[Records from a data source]
##############################

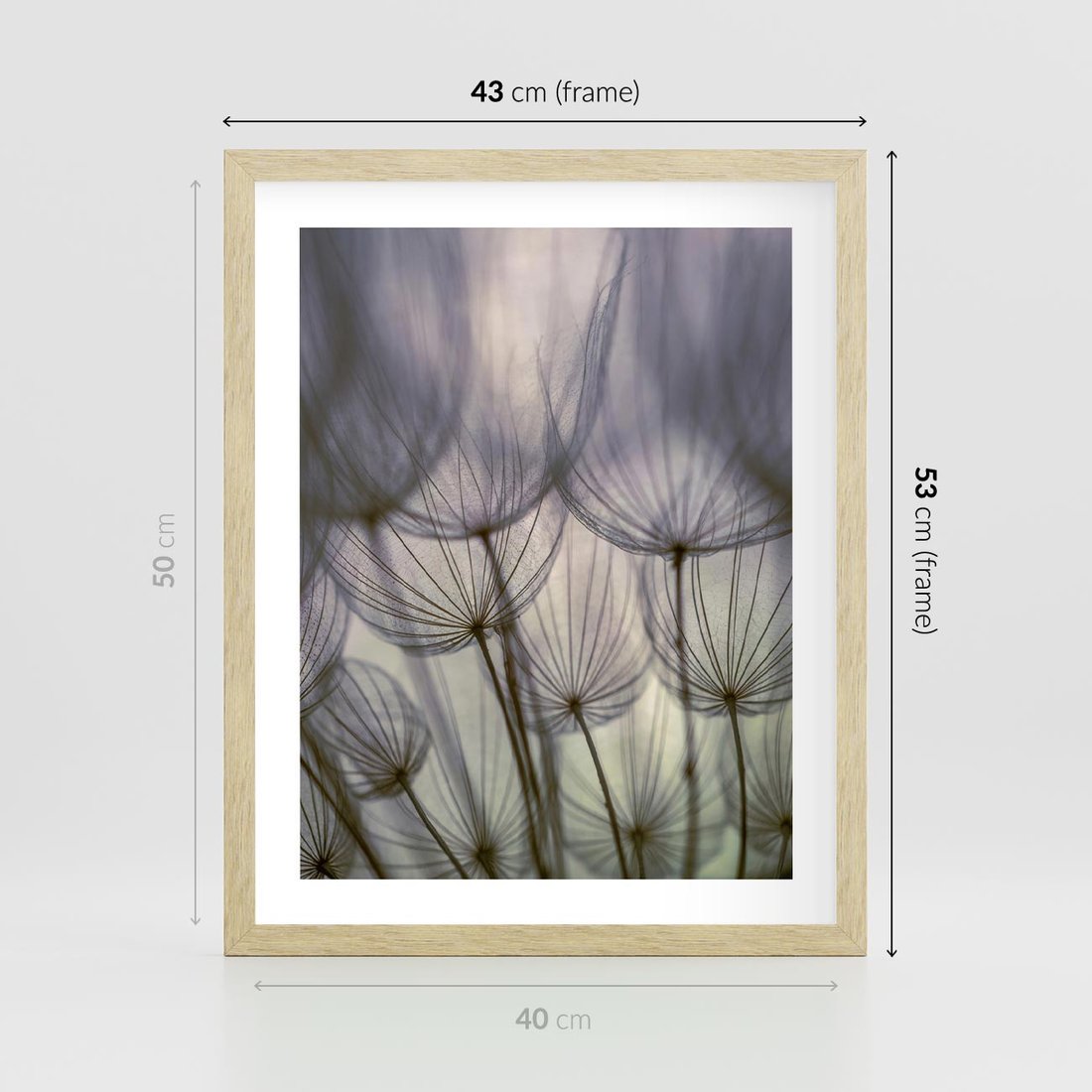Plakat w ramie 40x50 - Makro dmuchawiec - piękno drobnych detali - dmuchawce, makro - rama drewno
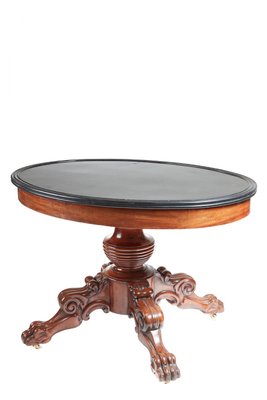 Antique Oval Walnut And Black Marble Top Table For Sale At Pamono
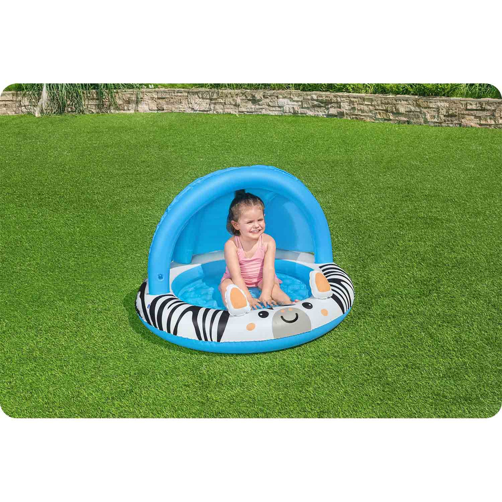 Dmuchany brodzik Bestway® Zebra to doskonałe rozwiązanie dla najmłodszych miłośników wodnej zabawy! Dzięki uroczej grafice radosnej zebry i przyjaznej kolorystyce, basenik przyciągnie uwagę każdego malucha, zapewniając mu komfort i bezpieczeństwo podczas pluskania się w wodzie.
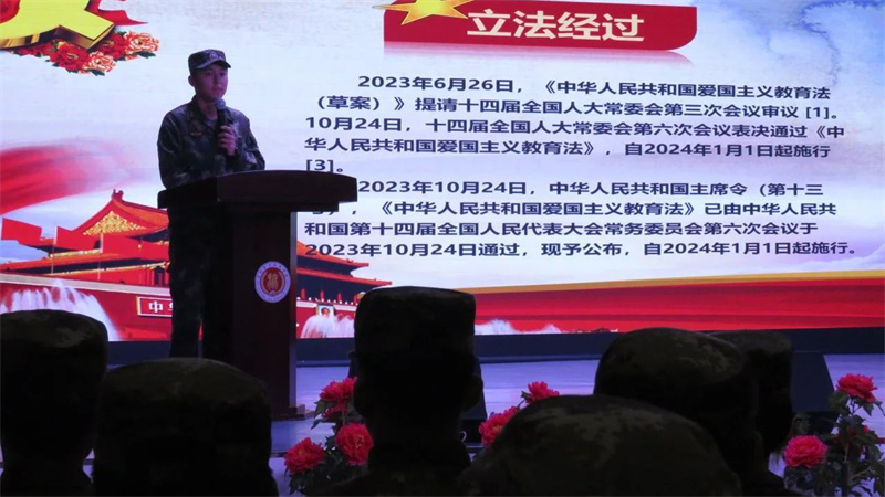 以法律教育为抓手 深化爱国主义教育|bv伟德大学生预备连开展《中华人民共和国爱国主义教育法》专题学习活动
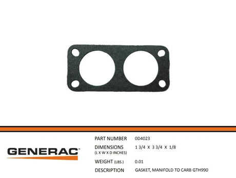 Generac 0D4023 Gasket, Manifold to Carb GTH990
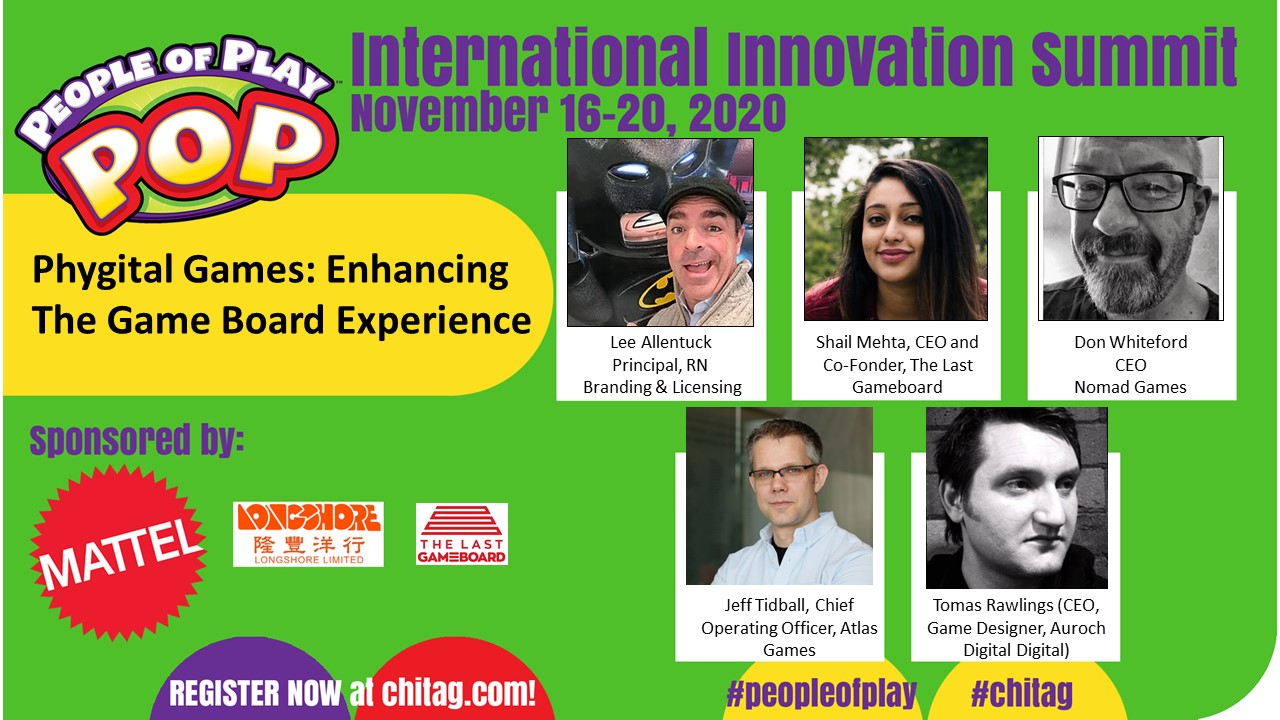 Lee Allentuck hosts leaders in the phygital game space (Jeff Tidball COO of Atlas Games, Don Whiteford CEO of Nomad Game Limited, Tomas Rawlings CEO of Auroch Digital, and Shail Mehta CEO and Co-Found...er of The Last Gameboard) to discuss the evolution and future of social games during the ChiTAG 2020 Conference.Show more
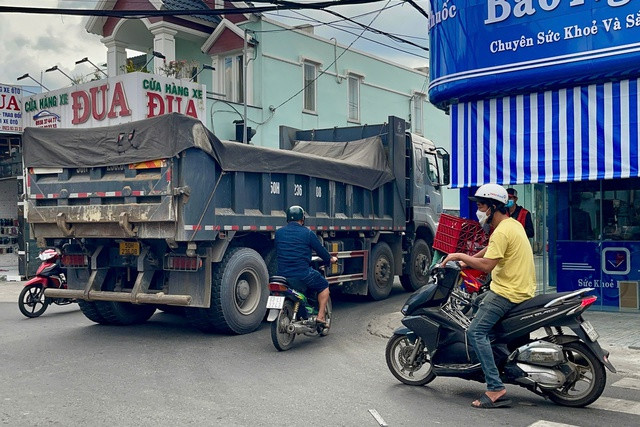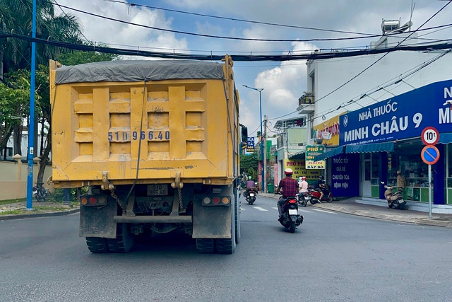 Xe ben chạy trên đường An Lộc, quận 12 - tuyến đường giới hạn trọng tải 10 tấn

##############################

Put down exactly the lines of the data above that run from its first line through the line bearing "Lee Allentuck hosts", and no pictures.

Plakat w ramie 40x50 - Makro dmuchawiec - piękno drobnych detali - dmuchawce, makro - rama drewno
 Antique Oval Walnut And Black Marble Top Table For Sale At Pamono
 Dmuchany brodzik Bestway® Zebra to doskonałe rozwiązanie dla najmłodszych miłośników wodnej zabawy! Dzięki uroczej grafice radosnej zebry i przyjaznej kolorystyce, basenik przyciągnie uwagę każdego malucha, zapewniając mu komfort i bezpieczeństwo podczas pluskania się w wodzie.
 以法律教育为抓手 深化爱国主义教育|bv伟德大学生预备连开展《中华人民共和国爱国主义教育法》专题学习活动
 Generac 0D4023 Gasket, Manifold to Carb GTH990
 Lee Allentuck hosts leaders in the phygital game space (Jeff Tidball COO of Atlas Games, Don Whiteford CEO of Nomad Game Limited, Tomas Rawlings CEO of Auroch Digital, and Shail Mehta CEO and Co-Found...er of The Last Gameboard) to discuss the evolution and future of social games during the ChiTAG 2020 Conference.Show more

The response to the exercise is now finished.